* [EXERCISE DESCRIPTION]: Would you repeat every entry below word for word but drop the images?

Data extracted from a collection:
*-*-*

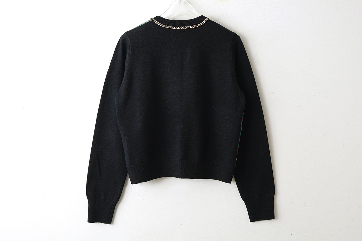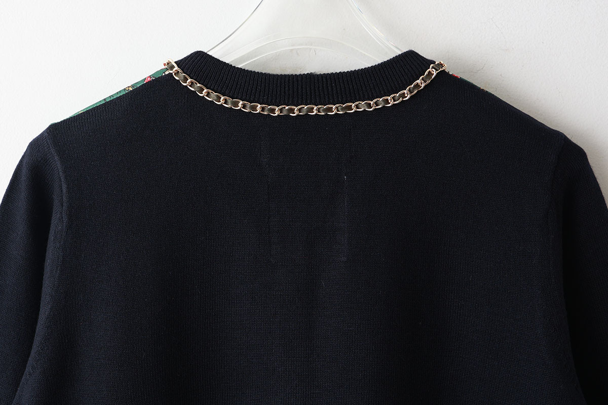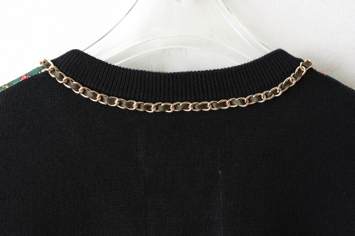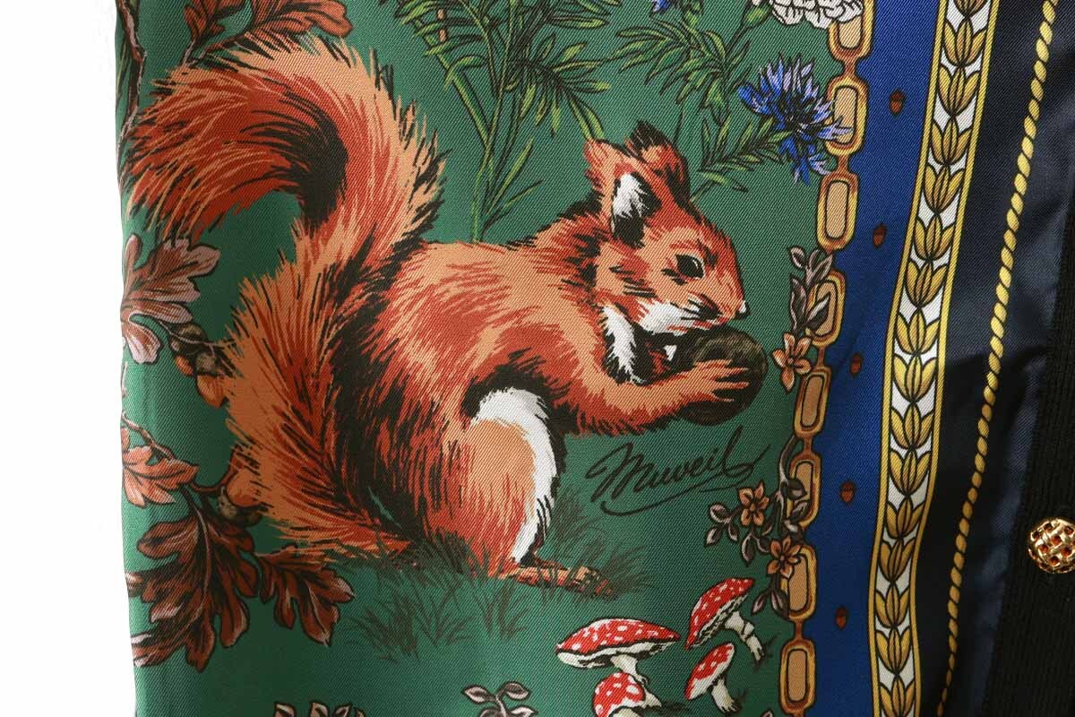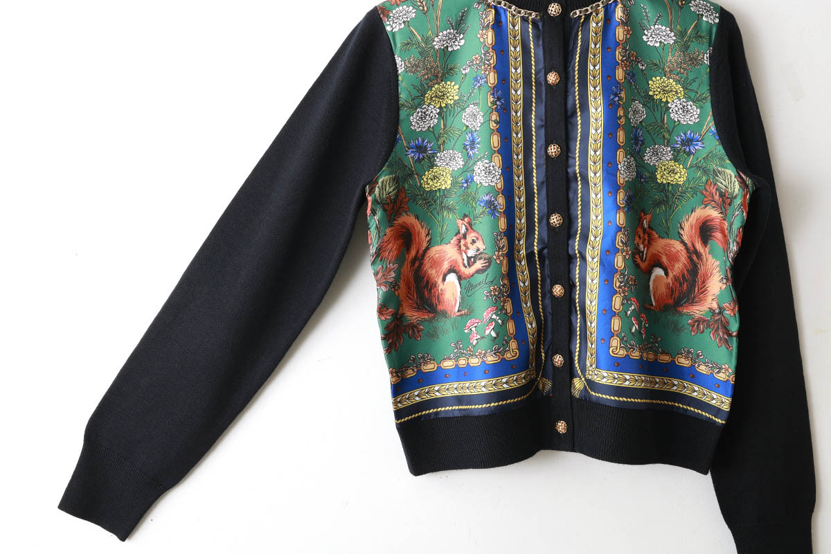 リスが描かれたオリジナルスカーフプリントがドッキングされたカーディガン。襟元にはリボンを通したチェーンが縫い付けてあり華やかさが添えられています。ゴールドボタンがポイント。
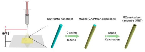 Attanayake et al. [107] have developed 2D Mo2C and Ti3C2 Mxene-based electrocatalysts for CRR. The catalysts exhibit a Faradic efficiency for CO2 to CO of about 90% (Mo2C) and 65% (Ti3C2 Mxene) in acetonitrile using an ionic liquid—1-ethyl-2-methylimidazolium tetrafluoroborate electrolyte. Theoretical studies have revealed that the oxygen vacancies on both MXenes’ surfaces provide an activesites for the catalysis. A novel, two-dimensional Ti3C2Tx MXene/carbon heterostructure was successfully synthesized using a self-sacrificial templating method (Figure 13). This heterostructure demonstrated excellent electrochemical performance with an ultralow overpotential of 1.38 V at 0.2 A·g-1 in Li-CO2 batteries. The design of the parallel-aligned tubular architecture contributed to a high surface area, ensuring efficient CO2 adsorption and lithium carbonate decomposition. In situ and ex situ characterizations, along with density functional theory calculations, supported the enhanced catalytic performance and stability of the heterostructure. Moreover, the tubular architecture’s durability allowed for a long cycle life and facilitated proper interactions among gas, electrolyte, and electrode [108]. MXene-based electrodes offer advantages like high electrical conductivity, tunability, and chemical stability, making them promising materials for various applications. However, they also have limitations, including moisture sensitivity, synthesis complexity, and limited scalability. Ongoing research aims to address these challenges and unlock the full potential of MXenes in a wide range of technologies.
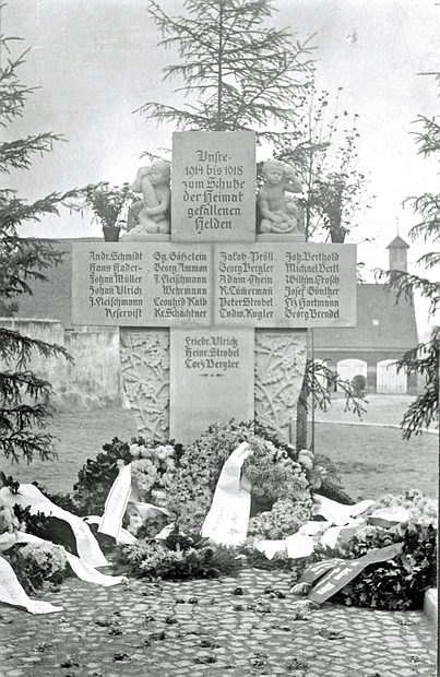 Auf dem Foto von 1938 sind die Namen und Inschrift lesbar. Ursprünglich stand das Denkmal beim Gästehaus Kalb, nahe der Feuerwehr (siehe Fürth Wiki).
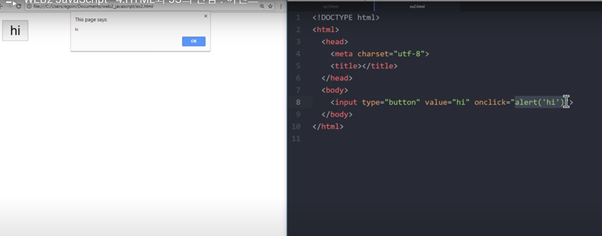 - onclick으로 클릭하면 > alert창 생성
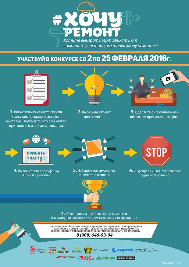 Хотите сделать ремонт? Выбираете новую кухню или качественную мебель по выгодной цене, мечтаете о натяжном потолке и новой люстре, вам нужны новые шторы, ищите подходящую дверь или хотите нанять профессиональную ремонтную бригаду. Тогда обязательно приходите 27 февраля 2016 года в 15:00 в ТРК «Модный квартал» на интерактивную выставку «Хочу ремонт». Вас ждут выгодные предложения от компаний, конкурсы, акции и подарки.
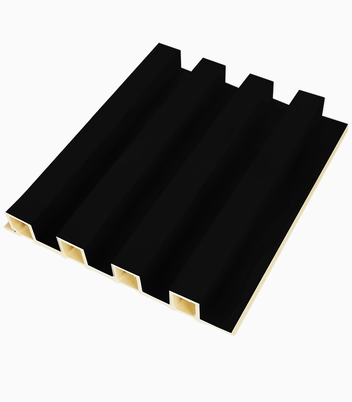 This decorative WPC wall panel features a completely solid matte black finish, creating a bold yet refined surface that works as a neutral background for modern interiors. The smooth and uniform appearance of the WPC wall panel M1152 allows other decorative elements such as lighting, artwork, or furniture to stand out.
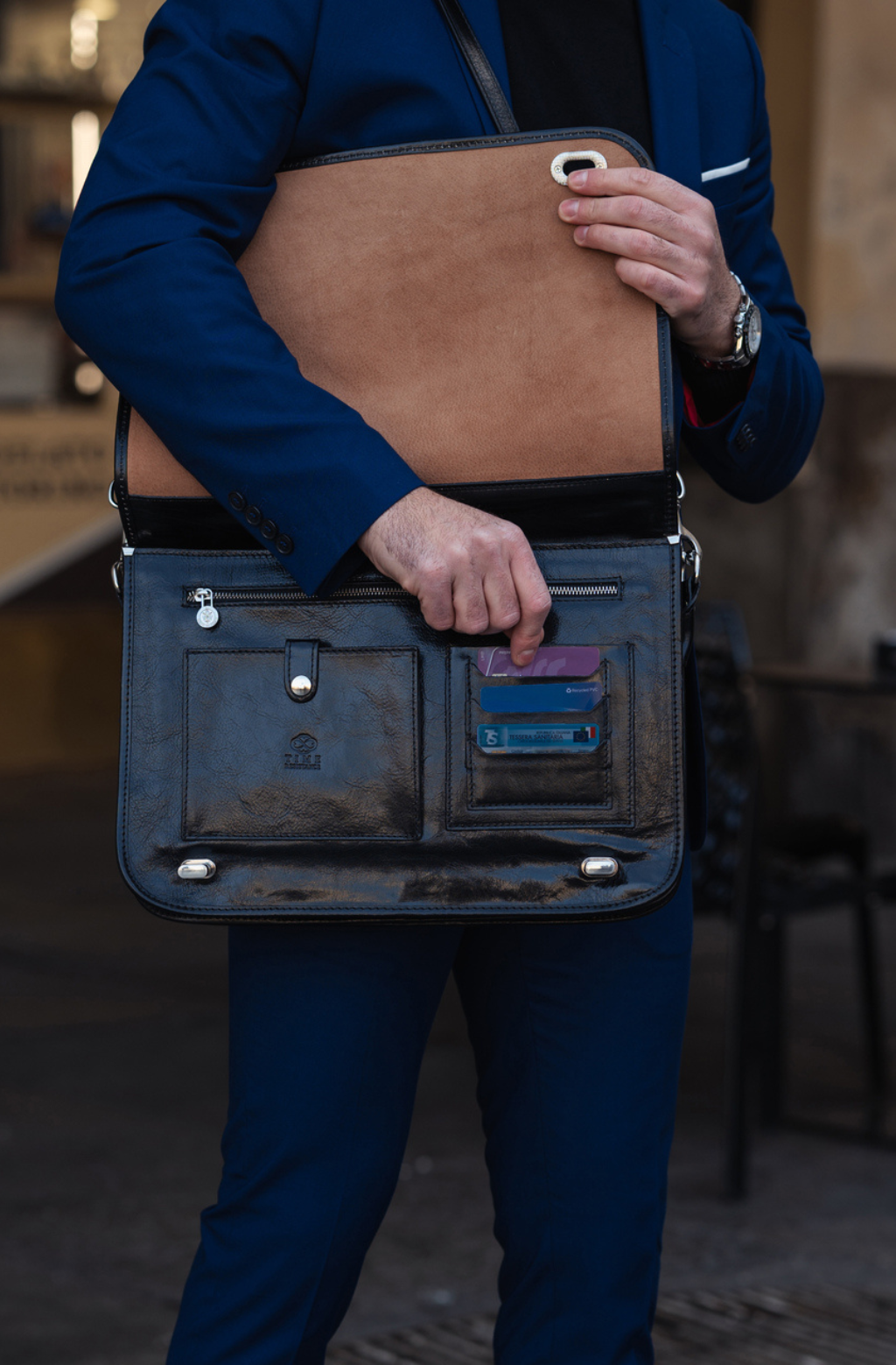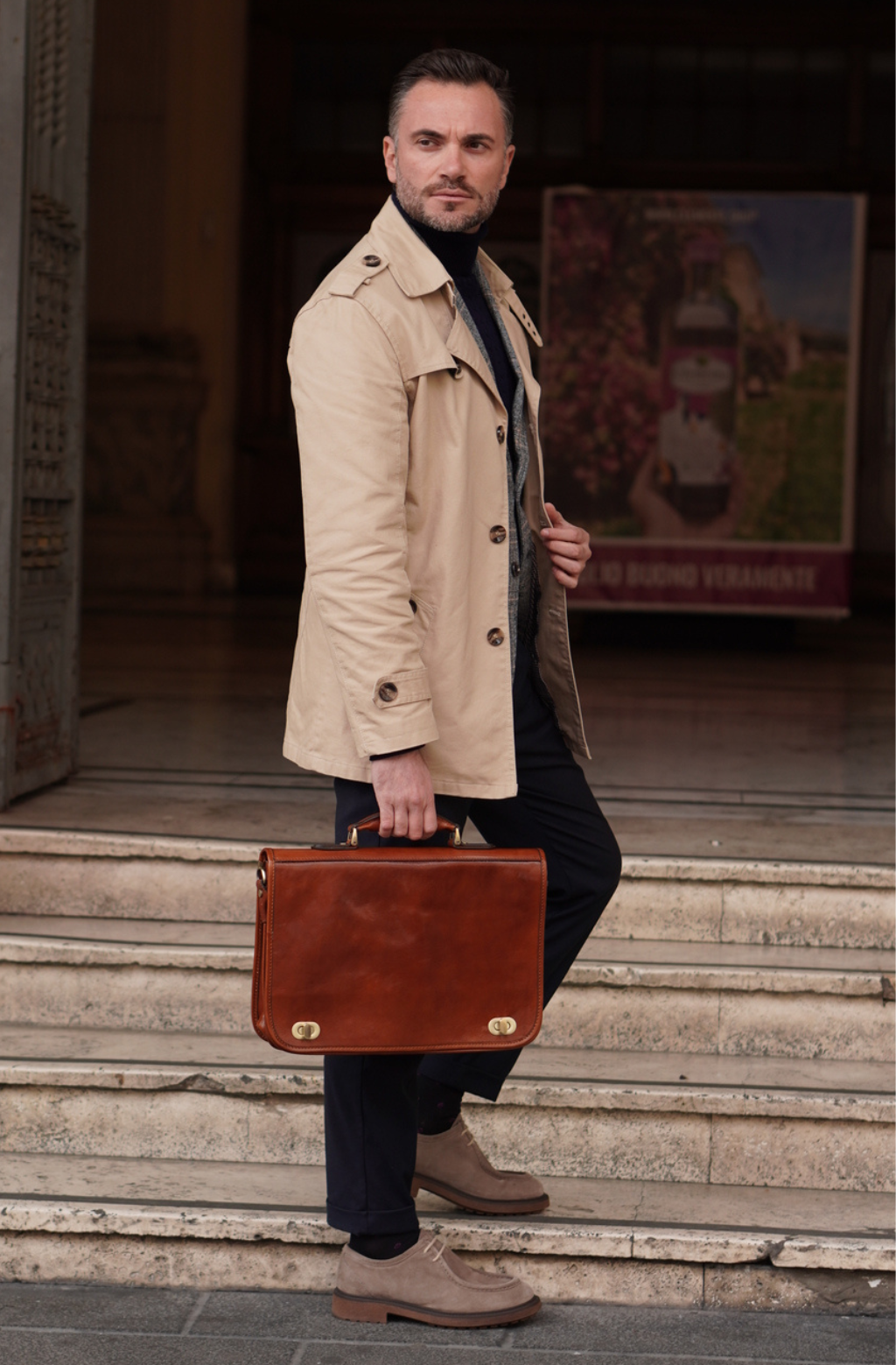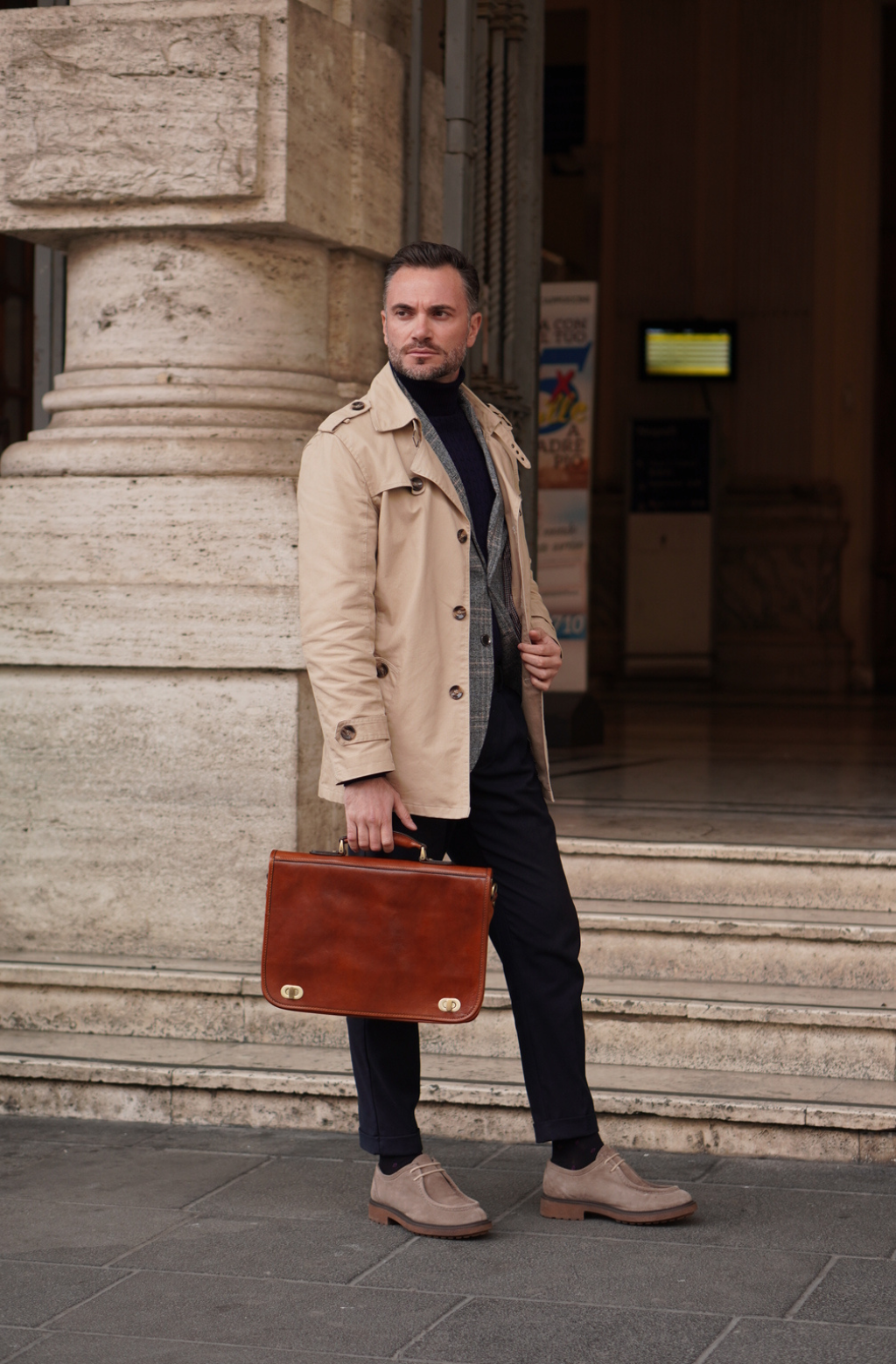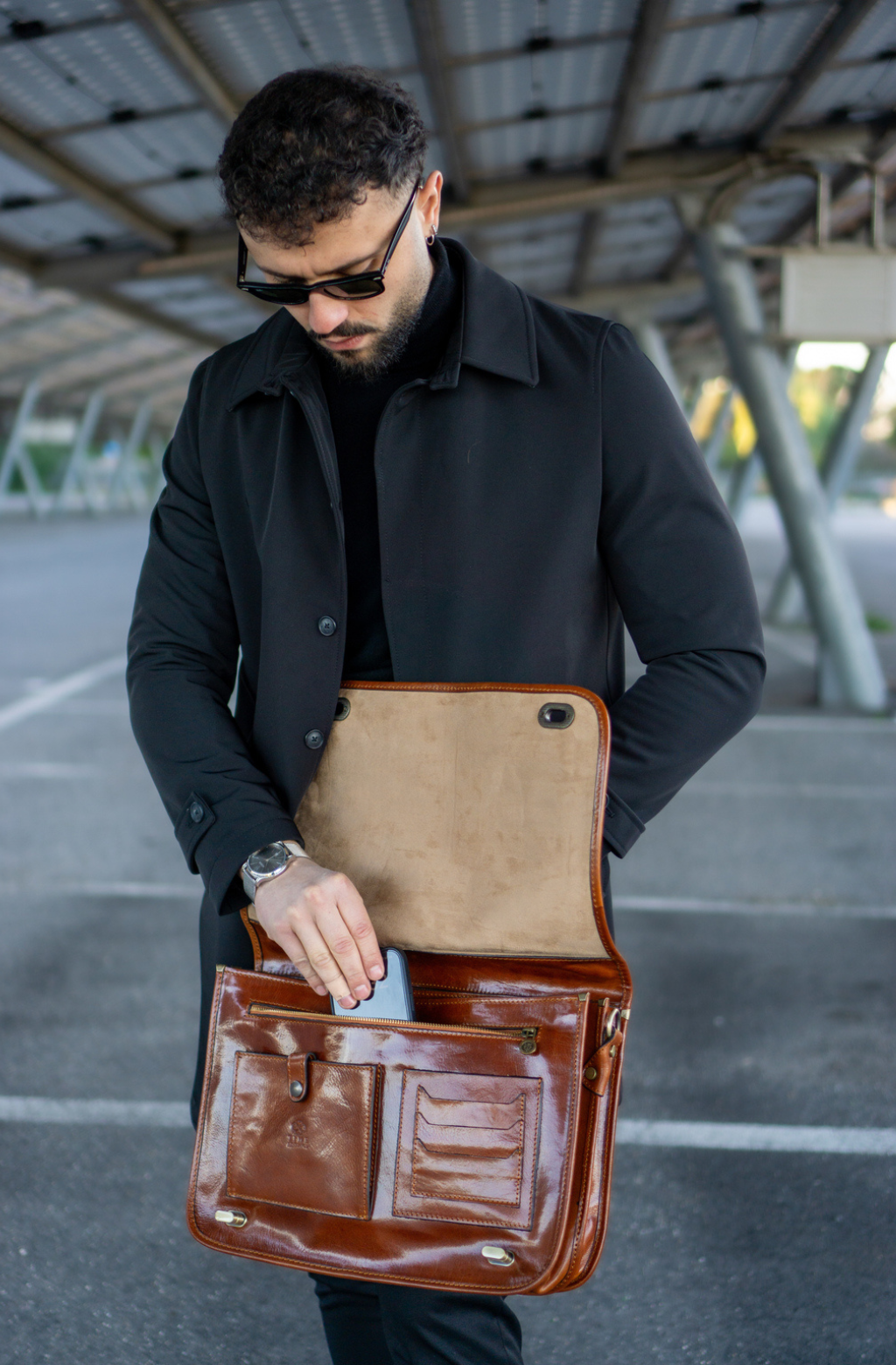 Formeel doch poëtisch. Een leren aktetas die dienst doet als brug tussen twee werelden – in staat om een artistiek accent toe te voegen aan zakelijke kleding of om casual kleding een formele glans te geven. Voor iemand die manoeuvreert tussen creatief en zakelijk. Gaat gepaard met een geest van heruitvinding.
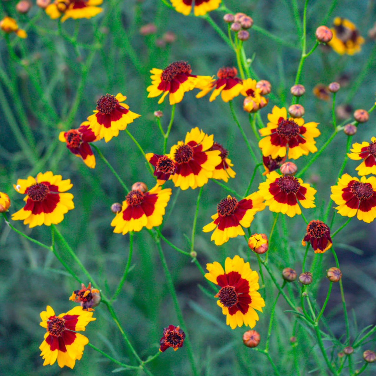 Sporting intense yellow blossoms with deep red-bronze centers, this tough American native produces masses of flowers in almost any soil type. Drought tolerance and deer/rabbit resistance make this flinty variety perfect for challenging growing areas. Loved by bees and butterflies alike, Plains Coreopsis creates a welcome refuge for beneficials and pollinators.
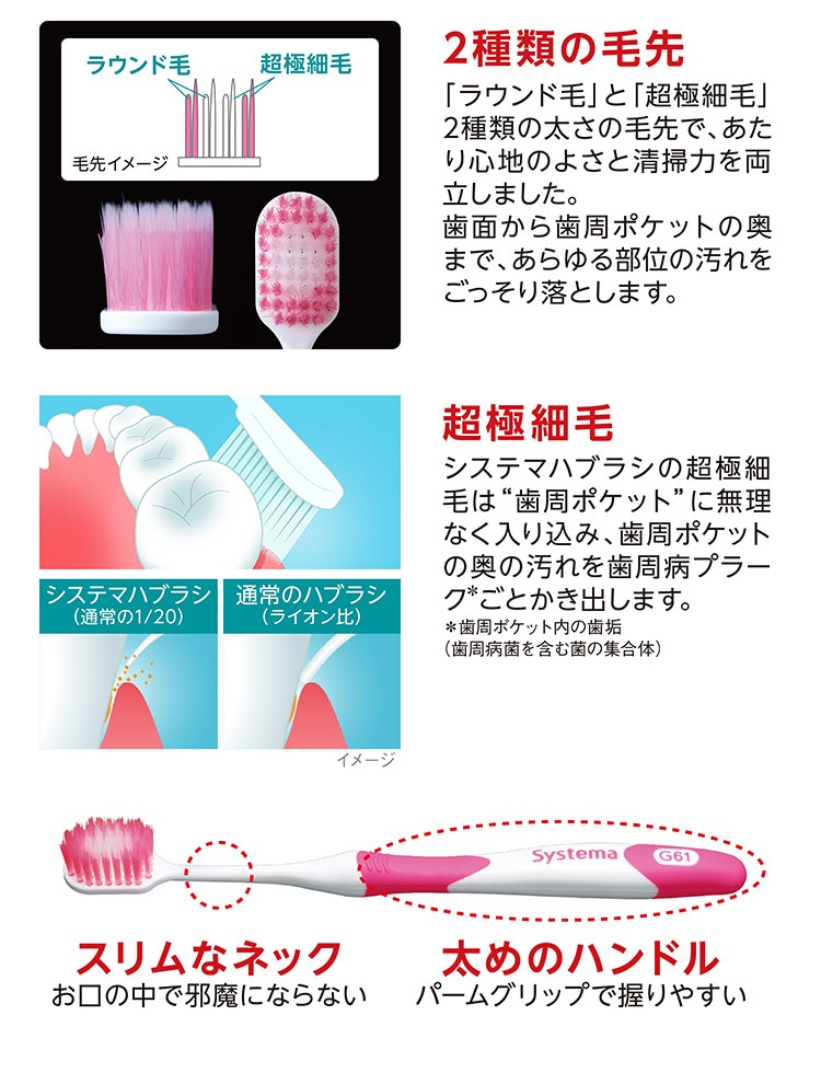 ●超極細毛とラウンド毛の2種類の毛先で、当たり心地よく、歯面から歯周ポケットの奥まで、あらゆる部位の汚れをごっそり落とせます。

*-*-*

* [OUTPUT BELOW]:
 リスが描かれたオリジナルスカーフプリントがドッキングされたカーディガン。襟元にはリボンを通したチェーンが縫い付けてあり華やかさが添えられています。ゴールドボタンがポイント。
 Attanayake et al. [107] have developed 2D Mo2C and Ti3C2 Mxene-based electrocatalysts for CRR. The catalysts exhibit a Faradic efficiency for CO2 to CO of about 90% (Mo2C) and 65% (Ti3C2 Mxene) in acetonitrile using an ionic liquid—1-ethyl-2-methylimidazolium tetrafluoroborate electrolyte. Theoretical studies have revealed that the oxygen vacancies on both MXenes’ surfaces provide an activesites for the catalysis. A novel, two-dimensional Ti3C2Tx MXene/carbon heterostructure was successfully synthesized using a self-sacrificial templating method (Figure 13). This heterostructure demonstrated excellent electrochemical performance with an ultralow overpotential of 1.38 V at 0.2 A·g-1 in Li-CO2 batteries. The design of the parallel-aligned tubular architecture contributed to a high surface area, ensuring efficient CO2 adsorption and lithium carbonate decomposition. In situ and ex situ characterizations, along with density functional theory calculations, supported the enhanced catalytic performance and stability of the heterostructure. Moreover, the tubular architecture’s durability allowed for a long cycle life and facilitated proper interactions among gas, electrolyte, and electrode [108]. MXene-based electrodes offer advantages like high electrical conductivity, tunability, and chemical stability, making them promising materials for various applications. However, they also have limitations, including moisture sensitivity, synthesis complexity, and limited scalability. Ongoing research aims to address these challenges and unlock the full potential of MXenes in a wide range of technologies.
 Auf dem Foto von 1938 sind die Namen und Inschrift lesbar. Ursprünglich stand das Denkmal beim Gästehaus Kalb, nahe der Feuerwehr (siehe Fürth Wiki).
 - onclick으로 클릭하면 > alert창 생성
 Хотите сделать ремонт? Выбираете новую кухню или качественную мебель по выгодной цене, мечтаете о натяжном потолке и новой люстре, вам нужны новые шторы, ищите подходящую дверь или хотите нанять профессиональную ремонтную бригаду. Тогда обязательно приходите 27 февраля 2016 года в 15:00 в ТРК «Модный квартал» на интерактивную выставку «Хочу ремонт». Вас ждут выгодные предложения от компаний, конкурсы, акции и подарки.
 This decorative WPC wall panel features a completely solid matte black finish, creating a bold yet refined surface that works as a neutral background for modern interiors. The smooth and uniform appearance of the WPC wall panel M1152 allows other decorative elements such as lighting, artwork, or furniture to stand out.
 Formeel doch poëtisch. Een leren aktetas die dienst doet als brug tussen twee werelden – in staat om een artistiek accent toe te voegen aan zakelijke kleding of om casual kleding een formele glans te geven. Voor iemand die manoeuvreert tussen creatief en zakelijk. Gaat gepaard met een geest van heruitvinding.
 Sporting intense yellow blossoms with deep red-bronze centers, this tough American native produces masses of flowers in almost any soil type. Drought tolerance and deer/rabbit resistance make this flinty variety perfect for challenging growing areas. Loved by bees and butterflies alike, Plains Coreopsis creates a welcome refuge for beneficials and pollinators.
 ●超極細毛とラウンド毛の2種類の毛先で、当たり心地よく、歯面から歯周ポケットの奥まで、あらゆる部位の汚れをごっそり落とせます。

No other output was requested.